| name | vocab-lesson |
| description | Create a vocabulary learning lesson MulmoScript with multi-section structure (word display, examples with voice_over, explanation, review with translation). Use when the user wants to create vocabulary learning content with a lesson/presentation-style format rather than chat-style. |
| argument-hint | <word> (e.g., serendipity) |
| allowed-tools | Read, Write, Edit, Bash, Grep, Glob |
| user-invocable | true |
/vocab-lesson — Vocabulary Learning Animation Script
Create a multi-section vocabulary learning video using MulmoCast. The video presents a word through structured phases: intro, word display, example sentences (voice_over), meaning explanation, and review with translations.

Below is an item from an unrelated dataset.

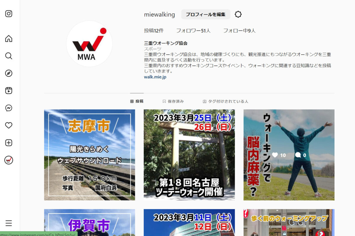 ただここ最近のインスタグラムのもたらす影響力の大きさは、かなりのところまで来ている気がしているという事で、まずは三重県ウオーキング協会のアカウントを作って、運営を始めることにしてみました。

Key difference from /vocab-chat: This uses a presentation-style layout with multiple visual sections, not a messenger chat UI. The examples section uses voice_over approach for smooth accumulated display.
Phase 1: Content Generation
Input
- Target word:
$ARGUMENTS (e.g., "serendipity")
- If no word is given, ask the user
Generate content
- Phonetic transcription (IPA format)
- 3 example sentences using the word naturally, with increasing complexity
- Meaning explanation in English (2-3 sentences)
- Japanese meaning (natural Japanese, not literal translation)
- Japanese translation for each example sentence
Phase 2: Create Initial Script (without timing)
Output directory
SCRIPTS_DIR="${MULMO_SCRIPTS_DIR:-my-scripts}"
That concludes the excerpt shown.